Она принялась всхлипывать и тереть переносицу рукавицей.
– Вот видишь, и я плачу. Могу ещё плакать! Ах, Тимка! Сколько слез кругом. Весь мир плачет кровавыми слезами! Вот шла я от Москвы досюда. Долго шла по дорогам и всё смотрела, как умирают люди, но сама не погибла. Только теперь… теперь…
Ведро с глухим звяком упало на снег, плечи её сотрясал озноб.
– А как Тимку твоего по батюшке? Отчество его как? – кашлянув для порядка, проговорил Вовка.
Ксения обернулась. Перед ней снова стоял кладбищенский сторож из деревни Скрытня в тулупе, накинутом прямо на исподнее, в валенках на босу ногу, в знакомом лохматом треухе. Ксения поймала его по-волчьи голодный взгляд и отвернулась.
– Оставь! Оставь меня в покое! Зачем всё это! Мы оба – предатели!
– Так любишь? Надо же!
– Да!!! – крикнула она, оборачиваясь. – Веришь, он каждую минуту со мной! Каждый миг! Вот и сейчас будто он тут, рядом, на этой вот завалинке! Будь он проклят! Но я его найду! Найду! Найду!
Потревоженные её криком, с верхних ветвей елок стали скатываться наземь большие пласты снега.
– … и ненавидишь, – Вовка закурил самокрутку. – Обидел. А ты его ещё и пожалела за то, что он тебя обидел.
– Не твоё дело. И запомни: я тебе не Марфа.
– Да и я не Тимка.
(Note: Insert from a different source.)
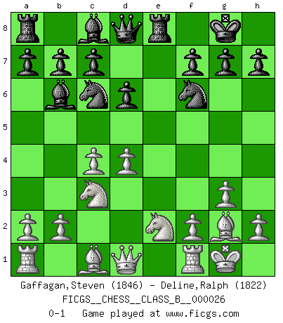Last move : 0-1 2007 September 8 19:31:41 [Event "FICGS__CHESS__CLASS_B__000026"] [Site "FICGS"] [Date "2007.07.25"] [Round "1"] [White "Gaffagan,Steven"] [Black "Deline,Ralph"] [Result "0-1"] [WhiteElo "1846"] [BlackElo "1822"] 1.c4 e5 2.Nc3 Nc6 3.g3 Nf6 4.Bg2 Bc5 5.e3 d6 6.Nge2 Bb6 7.d4 O-O 8.O-O exd4 9.exd4 Re8 0-1 This chess game has been lost on time (started : 2007.07.25 0:43:9) English : Sicilian Reversed Kingside Castling by player Black (move 7) Kingside Castling by player White (move 8) Player Black won this chess game. Follow this game move after move (download)One bad move nullifies forty good ones. (Horowitz) Der beste Spieler in einem Turnier gewinnt es nie. Er landet auf Platz zwei oder drei. (Siegbert Tarrasch) El Ajedrez es un invernadero donde los frutos del carácter pueden madurar mas completamente que en la vida. (Edward Morgan Foster) J'ai toujours senti une vague pitié pour l'homme qui ne connaît rien aux échecs, tout comme j'en aurais pour un homme ignorant de l'amour. Les Echecs, comme la musique ou comme l'amour, ont le pouvoir de rendre heureux. (Siegbert Tarrasch) Life is like a ten-speed bicycle: most of us have gears we never use. (Charles M. Schulz)

Я суть Вовка Никто. А ты в моё отсутствие чаевничать-то перестала, оттого и тяжело тебе теперь.
Ксения подошла к нему, попыталась обнять. Он отстранился. Сколько же раз он обнимал её? Сколько раз согревал вьюжными ночами, называя неизменно одним и тем же, не её, именем. Теперь перед нею был иной человек, не тот, что обнимал, а тот, который вышел к ним из леса на рубеже Московской и Смоленской губерний. Лесник, кладбищенский сторож, Вовка Никто.
– А ты называла меня Тимофеем. И я терпел. Это было нетрудно, – внезапно сказал он. – Потому что большую часть жизни я откликался на чужое имя.
– Кто ты?
– Князь Долгоруков Михаил Михайлович. Родился в 1981 году в Санкт-Петербурге, русский, из княжеской семьи, беспартийный, окончил Императорское училище правоведения, служил в царской армии…
– Довольно! Ты назвался настоящим именем, потому что уверен – мне отсюда не выйти. Так? Или немцам меня задумал сдать?
Вовка рассмеялся.
– На что ты немцам? У них в лагере под Вязьмой таких, как ты, сотни тысяч. Мрут, кормить-то нечем. Немецкая дисциплинированность пала под ударами русской безалаберности. Но ничего! Эта земля сожрет и их, и нас. Все в неё ляжем. И враги, и друзья.
– Ты хотел воспользоваться мною. И воспользовался.
– Я хотел немного счастья напоследок.
– Ты плохо поступил. Опоил меня! Так?
– На этих болотах много всякого. Можно жизнь прожить, и хорошо прожить, наружу не выходя. Ты же видишь, я всё умею. Могу рыбу удить, могу охотничать.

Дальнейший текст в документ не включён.